Problem to work on: Every entry should come back exactly as written, minus the pictures.

Recorded data:
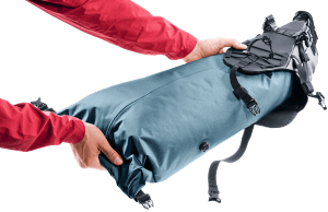 Rucksäcke, unter Rennradfahrern meist verhasst, unter Mountainbikern als normal angesehen. Ob ein Rucksack infrage kommt, muss jede:r für sich selbst entscheiden. Kleine Trinkrucksäcke mit Trinkblase schmiegen sich oft gut an den Körper an und stören nur wenig. Größere Rucksäcke empfinden viele als störend, doch gibt es hier je nach Modell Welten Unterschied im Tragekomfort. Ein kleines, praktisches Modell, in das auch eine Trinkblase passt, ist der deuter Race 8.
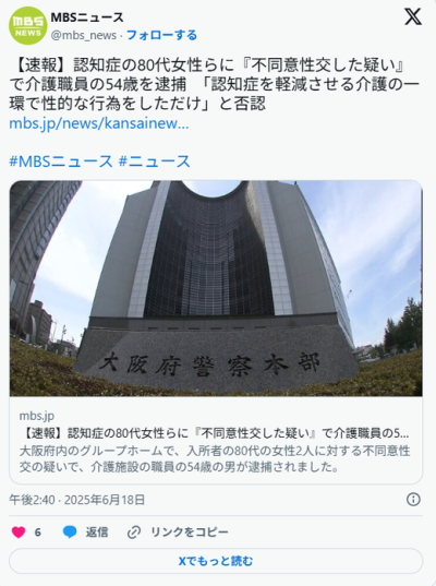 【大阪】「認知症を軽減させるための介護の一貫だ」 グループホームで80代女性2人に不同意性交 職員の54歳男逮捕
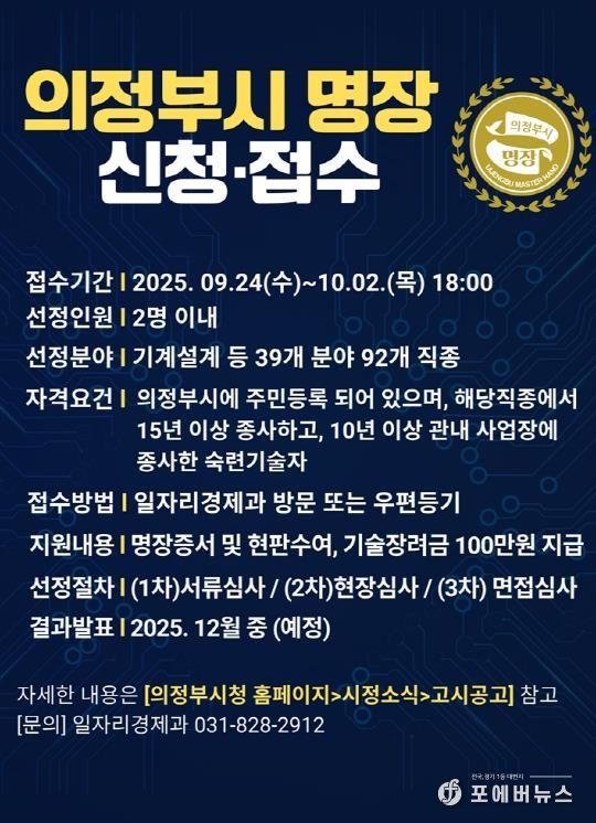 [ 포에버뉴스 김경순 기자 ] 의정부시는 우수 숙련기술인을 발굴하고 숙련기술 우대 문화를 확산하기 위해 ‘2025년도 의정부시 명장’을 공모해 선정한다.
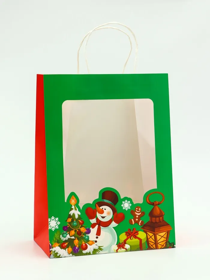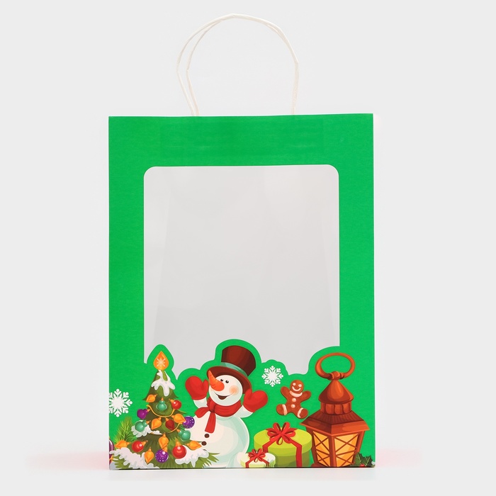 Пакет подарочный новогодний крафт, с окном «Снеговик» 26×35×16 см — Характеристики
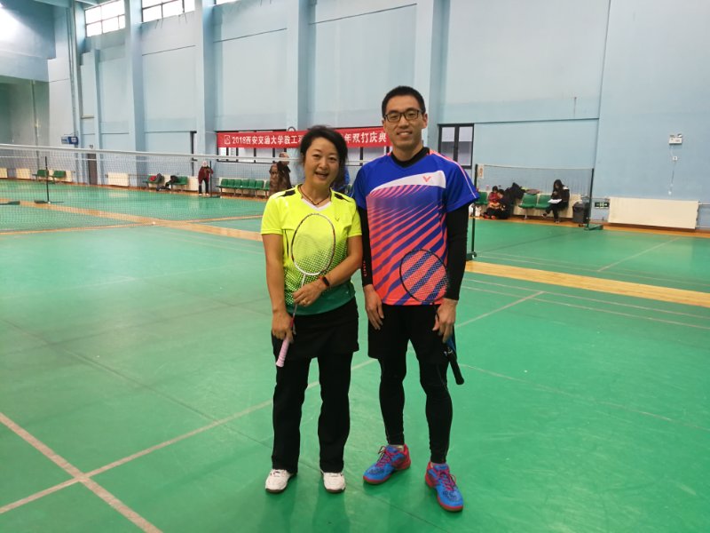 在刚刚结束的交大2018年教职工羽毛球协会成立八周年庆典活动中,我院陈琦老师与电信学院刘虎老师组成的混双组合联手全力以赴,与对手比拼火力全开,展现出超越自我,永不言弃的竞技精神。经过奋力扣杀、轻盈吊球、精准进攻以及巧妙防守,最终以小组第一名的成绩挺进第二轮比赛。在比赛中,二位老师配合默契,取得了良好的成绩,充分体现了体育竞技的顽强拼搏、力争第一的精神风貌。
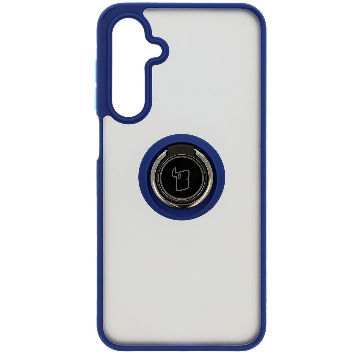 Etui z uchwytem na palec Bizon Case Hybrid Ring do Galaxy A16 4G/5G, przydymione z granatową ramką
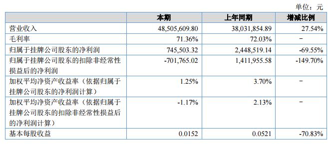 報告期內(nèi),公司實現(xiàn)營業(yè)收入4,850.56萬元,同比增長27.54%;公司合并報表歸屬于母公司的凈利潤為74.55萬元,同比下降69.55%?。
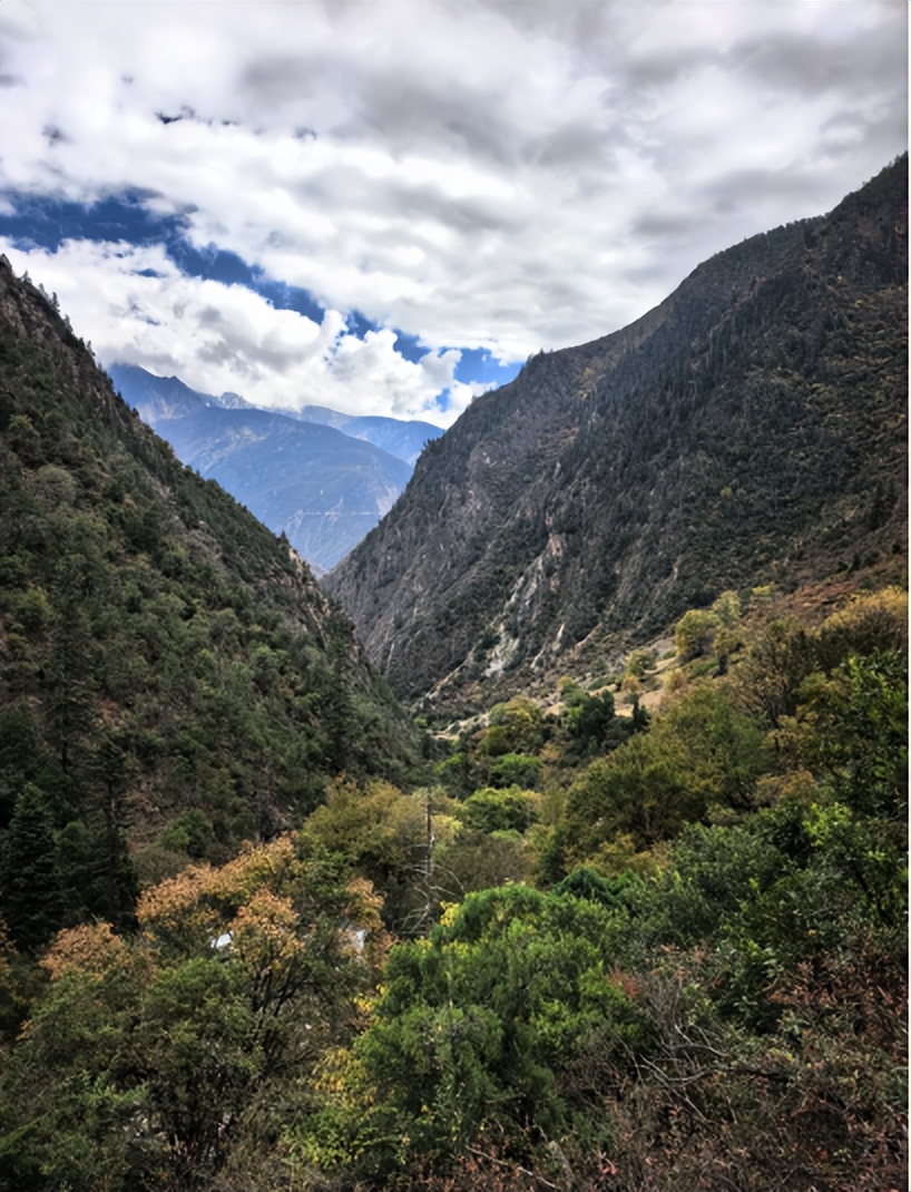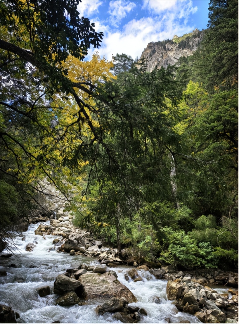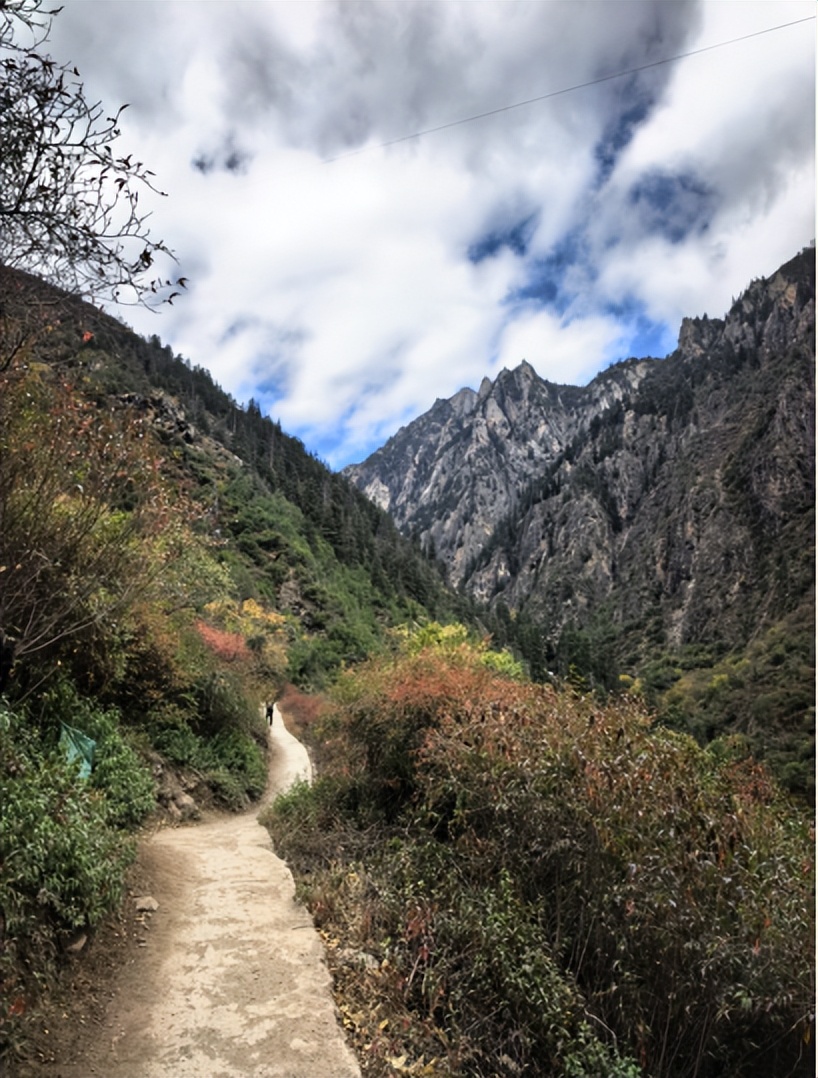 眼前是一段平坦的砂石路,踏入其中,恍若在泰山“快活三里”漫步。没有了安全之忧,忍不住静静观赏起了眼前的景致。只见四周山野五彩斑斓,就像一块巨大的俏色翡翠,那满眼温润的翠绿中,一抹绯红,一片金黄,任谁看了不怦然心动。回望一眼走过的峡谷,豪情满怀,眺望一眼前路的高山、密林,神秘悠长,令人想入非非。

Output for this exercise:
 Rucksäcke, unter Rennradfahrern meist verhasst, unter Mountainbikern als normal angesehen. Ob ein Rucksack infrage kommt, muss jede:r für sich selbst entscheiden. Kleine Trinkrucksäcke mit Trinkblase schmiegen sich oft gut an den Körper an und stören nur wenig. Größere Rucksäcke empfinden viele als störend, doch gibt es hier je nach Modell Welten Unterschied im Tragekomfort. Ein kleines, praktisches Modell, in das auch eine Trinkblase passt, ist der deuter Race 8.
 【大阪】「認知症を軽減させるための介護の一貫だ」 グループホームで80代女性2人に不同意性交 職員の54歳男逮捕
 [ 포에버뉴스 김경순 기자 ] 의정부시는 우수 숙련기술인을 발굴하고 숙련기술 우대 문화를 확산하기 위해 ‘2025년도 의정부시 명장’을 공모해 선정한다.
 Пакет подарочный новогодний крафт, с окном «Снеговик» 26×35×16 см — Характеристики
 在刚刚结束的交大2018年教职工羽毛球协会成立八周年庆典活动中,我院陈琦老师与电信学院刘虎老师组成的混双组合联手全力以赴,与对手比拼火力全开,展现出超越自我,永不言弃的竞技精神。经过奋力扣杀、轻盈吊球、精准进攻以及巧妙防守,最终以小组第一名的成绩挺进第二轮比赛。在比赛中,二位老师配合默契,取得了良好的成绩,充分体现了体育竞技的顽强拼搏、力争第一的精神风貌。
 Etui z uchwytem na palec Bizon Case Hybrid Ring do Galaxy A16 4G/5G, przydymione z granatową ramką
 報告期內(nèi),公司實現(xiàn)營業(yè)收入4,850.56萬元,同比增長27.54%;公司合并報表歸屬于母公司的凈利潤為74.55萬元,同比下降69.55%?。
 眼前是一段平坦的砂石路,踏入其中,恍若在泰山“快活三里”漫步。没有了安全之忧,忍不住静静观赏起了眼前的景致。只见四周山野五彩斑斓,就像一块巨大的俏色翡翠,那满眼温润的翠绿中,一抹绯红,一片金黄,任谁看了不怦然心动。回望一眼走过的峡谷,豪情满怀,眺望一眼前路的高山、密林,神秘悠长,令人想入非非。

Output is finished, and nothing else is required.